Thursday, March 01, 2018

Artist Oscar Cahén's sketches of Montreal nightclubs just one sliver of a Canadian legacy - now honoured in a new book

   These outstanding illustrations taken from a 1956 article in Weekend Magazine depict the liveliness of Montreal's 1950s nightclub culture (a subject pain-and-pleasure-stakingly detailed in Montreal 375 Tales)
   Oscar Cahén (1916-56) is still celebrated for his massive contributions to Canadian art and his Montreal times come thanks to a connection to Coolopolis, as Colin Gravenor (1910-1993) got Cahén out of a refugee camp and into Montreal by giving him a job in 1942.
   Cahén was a European arrival interned in a refugee camp from 1940 to 1942 during World War II. The camp, near Sherbrooke, was known as Camp N and housed about 700 men, mainly Jews, who had fled Hitler's Germany.
Cahen and Shapiro
Cahen managed to show some personality to get his boots back to the city. Shapiro was going to interview inmates and Cahen negotiated with others to allow him to be the one she talked to.
   She went back to Montreal and begged her boss, an entrepreneur named Colin Gravenor, to employ Cahén—because securing a job was the ticket to getting him discharged from the camp.
   Gravenor figured the Montreal Standard and other publications would give Cahén illustration jobs so he gave him an office and paid for a suit of clothes, and gave him work in his PR business.
     Shapiro and Cahen became a passionate couple but eventually went their own separate ways, still remaining friends to the end however.
   It was not Colin Gravenor's first effort in helping those who Hitler tried to crush under his boot. Gravenor had previously led an attempt to get Canada to boycott of the 1936 Berlin Olympics (also noted in another recent book) and headed an organization known as the Non-Sectarian Anti-Nazi League. Gravenor, whose humanitarian deeds were noted in the Vancouver Holocaust Museum, sprung out others from the camps, including Tony Oberleitner (a close associate of Wilhelm Reich) and Glay Sperling, who went on to teach photography at Dawson College.

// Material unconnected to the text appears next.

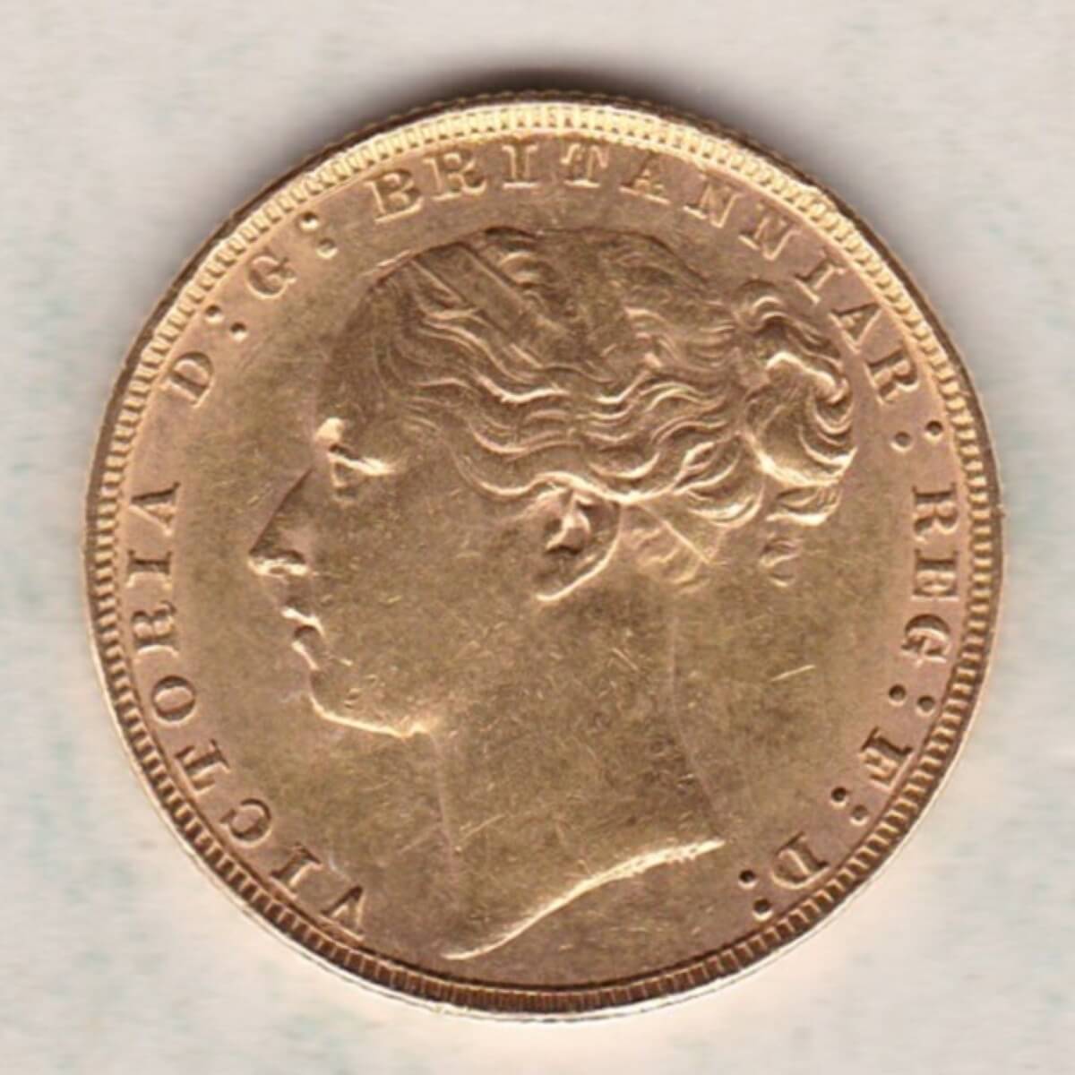 The 1880 sovereign was struck in 22 carat gold. The obverse features the young portrait of Queen Victoria facing left. The reverse depicts St George slaying the dragon, with the date in exergue.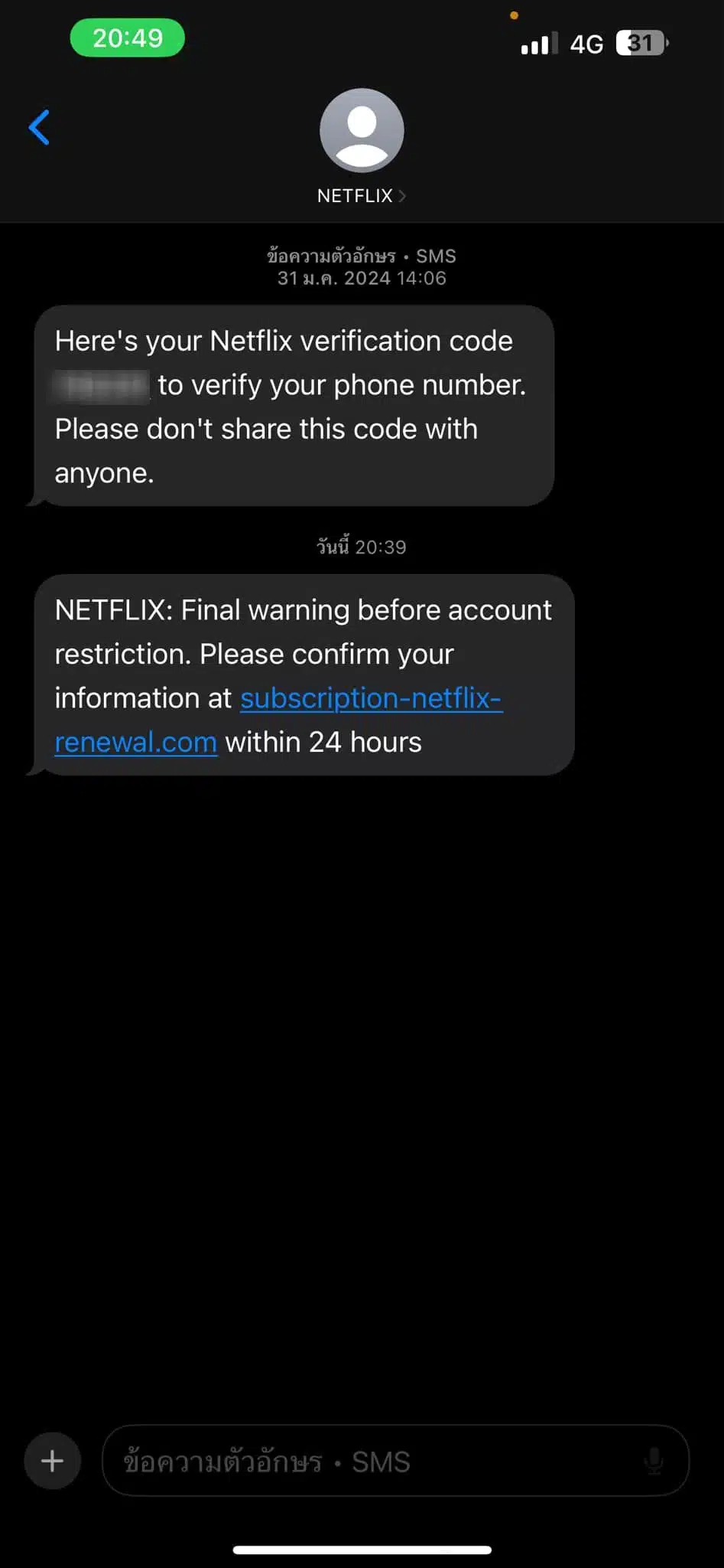 ช่วงนี้คนในสังคมพบเจอมิจฉาชีพในรูปแบบต่าง ๆ ที่มักจะหาวิธีการหลอกล่อหรือช่องทางใหม่ ๆ เพื่อให้เหยื่อหลงเชื่อ ล่าสุด ผู้ใช้เฟซบุ๊กรายหนึ่งได้ออกมาเตือนภัยมิจฉาชีพรูปแบบใหม่ เธอได้รับ SMS อ้างว่าบัญชีเน็ตฟลิกซ์ (Netflix) จะถูกระงับ เนื่องจากตัดค่าบริการจากบัตรเครดิตไม่ได้ ในตอนแรกเธอก็คิดว่าอาจจะเป็นมิจฉาชีพ แต่ข้อความที่ส่งมาดูน่าเชื่อถือเพราะมาจากเบอร์เดียวกับที่เน็ตฟลิกซ์เคยส่งข้อความจริงมาก่อนหน้านี้

     These fabulous sketches as well as Cahen's other works were made possible because people like Gravenor and Shapiro put their necks on the line for a stranger. "Without their that initial support, Cahén probably would have returned to England, as those plans were already in the works. Instead, Canada benefited from his talents and drive, and he became one of the most influential illustrators and abstract painters of the 1940s and 1950s in Canada."

1 comment:

  1. This is soooo awesome! I had no idea about this person. Thanks so much. I LOVE Montréal history.